目的地のことは一切忘れて、散策を楽しむことにした。そうして踏み込んだ広場の片隅にはテーブル席がいくつか存在して、そのほかにあるのは広場を囲む古い建物と細い運河だけだった。よくみると古い建物は地面に垂直に立っていなかった。広場に面した壁が後ろ側に傾いていた。経っているのが辛くなったみたいな感じだと思いながら、もしかしたら何かの理由があってこのように建てたのかもしれないとも思った。そんなことを考えながら広場を取り囲む建物を観察していたら、ふと視線を感じた。歪んだ建物の地上階に店があり、その前で煙草をふかしている初老の男性の視線だった。広場を興味深そうに眺めているが異国人に関心を持ったのだろうか。それとも胡散臭いと思ったのだろうか。と、思いついた。ようし、声を掛けてみよう。
Buongiorno! 地元の方ですか? と元気の良い私の第一声に彼は驚いたようだった。もしかしたら、私がイタリア語を話すこと自体に驚いたのかもしれない。驚きを隠さぬ声で彼は挨拶を返した。言葉のアクセントはまさにヴェネツィア人のそれで、ああ、此処は確かにヴェネツィアなのだ、と改めて思った。さて、私の疑問を投げかけてみると彼は大変喜び、色んな話をしてくれた。この建物は昔は勿論真っ直ぐ建っていたが、何しろ古いし、冬場の洪水などでこんな風になったとのことだった。古いってどのくらい古いのかと訊くと、彼は益々喜び、1300年代の建物なんだよ、この広場はヴェネツィアの中でも古い広場で、しかし旅行者はあまり足を踏み込まない、こんなに美しいのにね、と言った。私も良く喋るほうだが、彼はそれを上回る。きっとヴェネツィアの歴史などを話し始めたら一晩中話が途切れることが無いに違いない。私が道に迷って偶然この広場に辿り着いたと言うと、君は運がいい、道に迷ってこんな古い、こんな味わい深い広場に辿り着いたんだからね、と彼は言った。
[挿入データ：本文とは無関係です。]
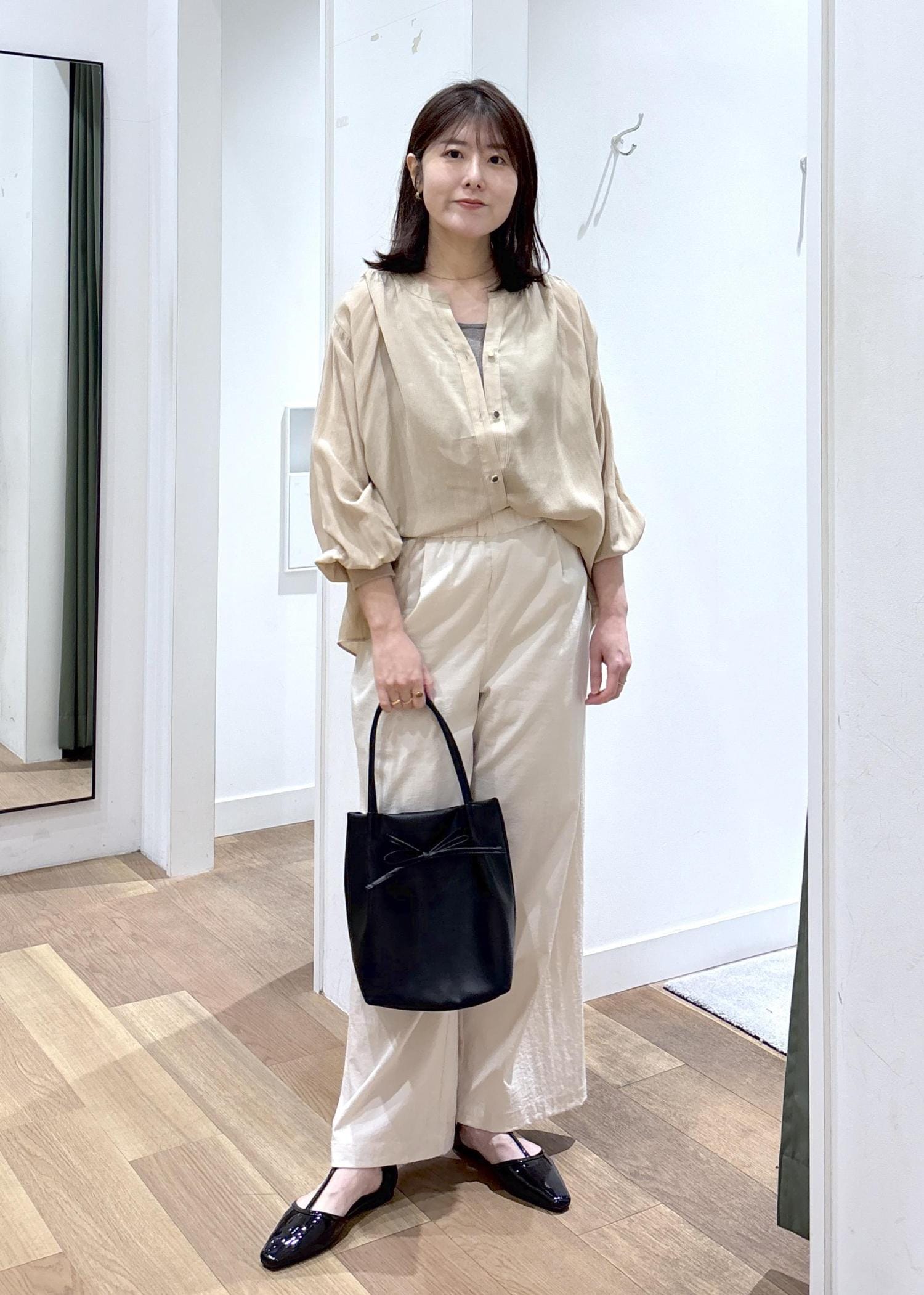 少しつやっとした素材なので、綺麗めにも合わせやすいです。 -

色んなお話を有難う、と礼を言う私、彼は黙って幾度も頷きながら店の中に入って行った。どうやら彼は店の主人らしい。彼は自分の店が入っている建物の事を訊かれて嬉しかったのかもしれない。時にはあの隅っこのカフェのテーブル席につくこともあるのだろう。彼はこの広場が大好きなようだから。

地図があっても役に立たぬ、と鞄の中に突っ込んだ。さあ、自由気ままに歩こう、と私は細い運河に掛かる橋をひとつ渡った。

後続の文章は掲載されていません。